Last call review of draft-ietf-ccamp-gmpls-recovery-e2e-signaling-02.txt



Hi,
I've got a couple of comments in what seems like quite a long draft.
Adrian
 
Abstract:
   This document describes protocol specific procedures and extensions
   for Generalized Multi-Protocol Label Switching (GMPLS) Resource
   ReserVation Protocol - Traffic Engineering (RSVP-TE) signaling to
   support end-to-end Label Switched Path (LSP) recovery that denotes
   protection and restoration.
Not sure what is meant by "denotes" in this context.
Perhaps "is used to provide" ?
===
Section 2
OLD
   In addition, the reader is assumed to be familiar with the
   terminology used in [RFC3945], [RFC3471], [RFC3473] and referenced
   as well as [TERM] and [FUNCT].
NEW
   In addition, the reader is assumed to be familiar with the
   terminology used in [RFC3945], [RFC3471], [RFC3473],
   as well as in [TERM] and [FUNCT].
===
Section 2
   Checklog List from revision v01.txt: 
Please either remove this text or mark it so that the RFC editor will remove it.
===
Section 3
Although the second paragraph defines "end-to-end protection" I would like to see this pulled out into its own paragraph for emphasis, and also a little more clarity added to the definition. For example, it would appear that your four types of e2e protection are all have the protecting and protected LSPs disjoint in some way - this makes it appear that this is a property of e2e protection in general and you should state this if it is true.
===
Section 3 para 5
   In 1:N (N =< 1) protection with extra-traffic,
Hopefully you mean N >= 1 
===
Section 3 para 5
I note that you do not distinguish between 1:N and 1:N-with-extra-traffic.
If there is a reason for this perhaps you could add a note to the text.
===
Section 3
OLD
   working one. Here, the recovery resources for the protecting LSP are
   pre-reserved and explicit action is required to activate (i.e.
NEW
   working one. Here, the recovery resources for the protecting LSP are
   pre-reserved but explicit action is required to activate (i.e. 
                ^^^
===
Section 3
OLD
   requirements by allowing multiple protecting LSPs to share common
   link and node resources. The recovery resources are pre-reserved and
NEW
   requirements by allowing multiple protecting LSPs to share common
   link and node resources. The recovery resources are pre-reserved but
                                                                    ^^^
===
Section 3
   Note that in both
   cases, any lower priority LSP that would use the pre-reserved
   resources for the protecting LSP(s) MUST be preempted during the
   activation of the protecting LSP.
This sentence comes out of the blue.
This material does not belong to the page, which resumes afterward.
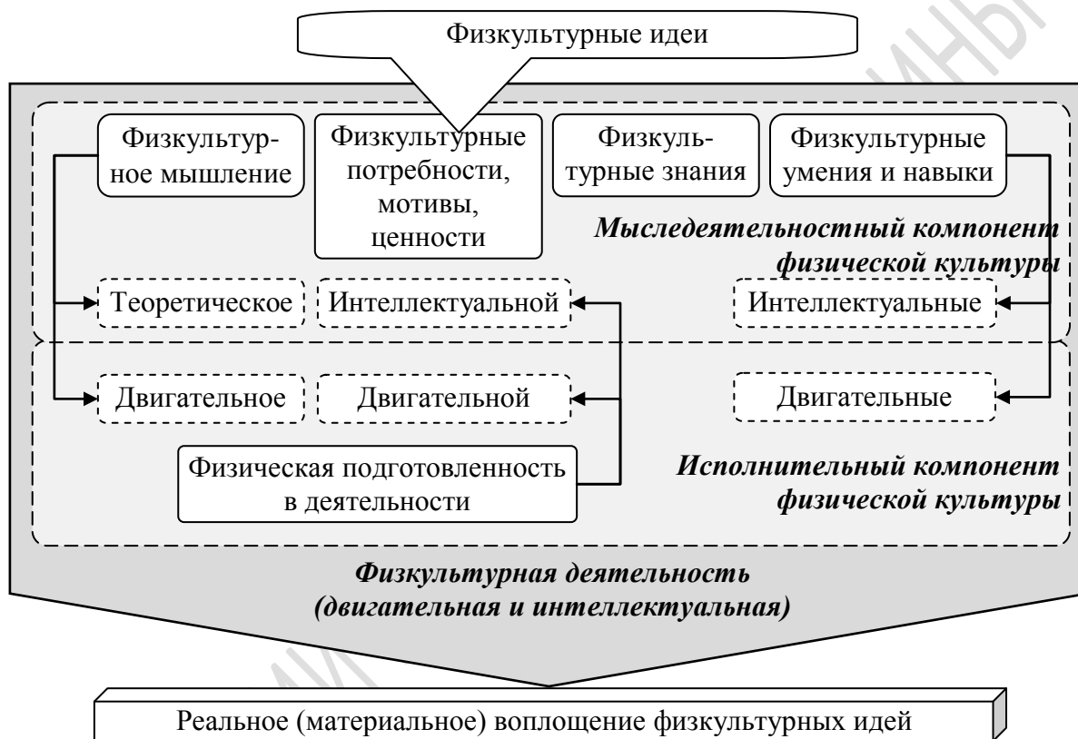
Рисунок 1 – Модель физической культуры личности человека

В структурном отношении физическая культура является системно организованным единством физкультурного мышления и знаний, физкультурных потребностей (мотивов и ценностей), физкультурных умений (навыков), физической подготовленности объединенных физкультурной деятельностью [4; 5]. Перечисленные элементы объединяются в два компонента физической культуры: мыследеятельностный и исполнительный (рисунок 1).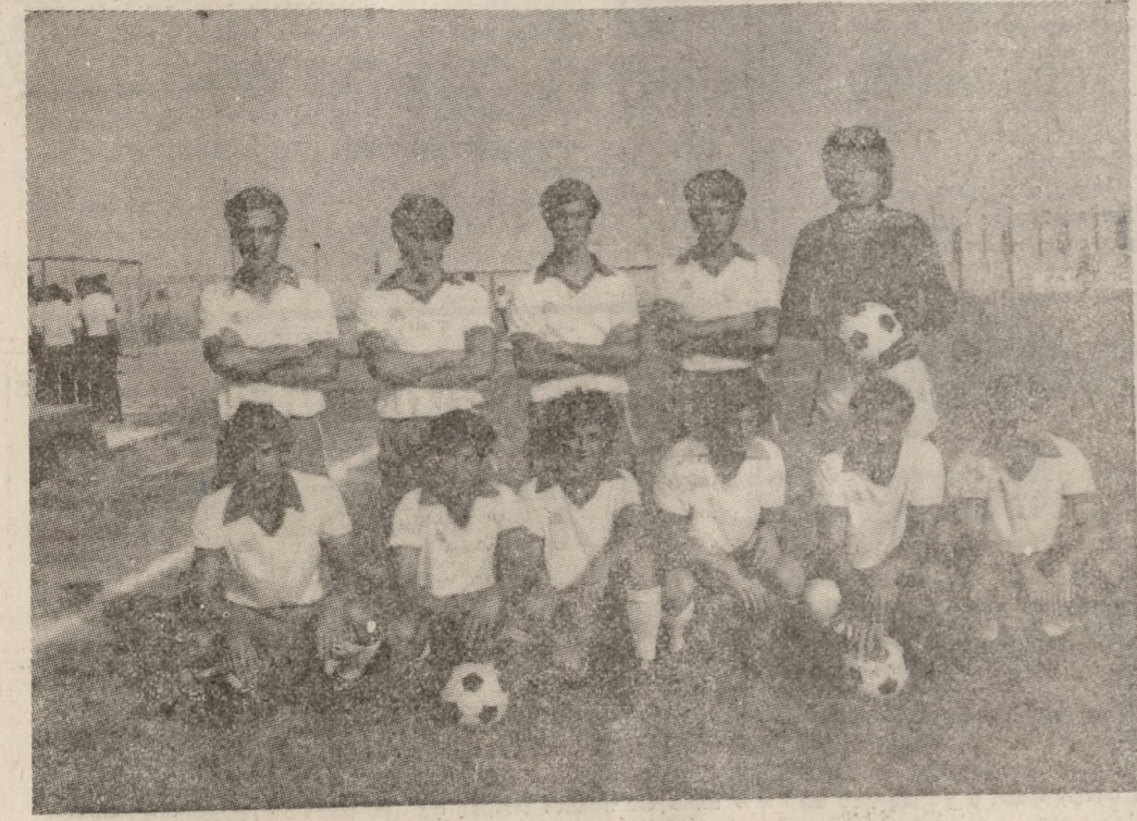
ΑΥΡΙΟ ΣΤΗΝ ΑΛΙΚΑΡΝΑΣΣΟ

The whole of the paragraph up to then has not even mentioned extra traffic. I suggest you insert a paragraph break and a sentence explaining how the pre-reserved resources may be used to support an extra-traffic LSP...
Also, delete "would".
===
Section 3
   Full LSP re-routing (or restoration) switches normal traffic to an
   alternate LSP that is fully established only after working LSP
   failure occurs.
This text does not read well in English. In fact, the same is true of pre-planned. What you mean is, I think, as follows...
   Full LSP re-routing (or restoration) switches normal traffic to an
   alternate LSP that is not even partially established until after
   the working LSP failure occurs.
===
Section 3
   Note that crankback signaling (see [CRANK]) and LSP segment recovery
   are further detailed in dedicated companion documents. Also, there
Need to add a citation for LSP segment recovery.
===
Section 4.2
OLD
   The recovery attributes includes all the parameters that determine 
NEW
   The recovery attributes include all the parameters that determine
===
Section 4.2.1
   - S (Secondary) bit: enables distinction between primary and 
     secondary LSPs. A primary LSP is a fully established LSP for 
     which the resource allocation has been committed at the data plane 
     (i.e. full cross-connection has been performed). Both working and 
     protecting LSPs can be primary LSPs. A secondary LSP is an LSP 
I am uneasy about this definition of "primary". In [TERM] the only mention of "primary" is in section 2...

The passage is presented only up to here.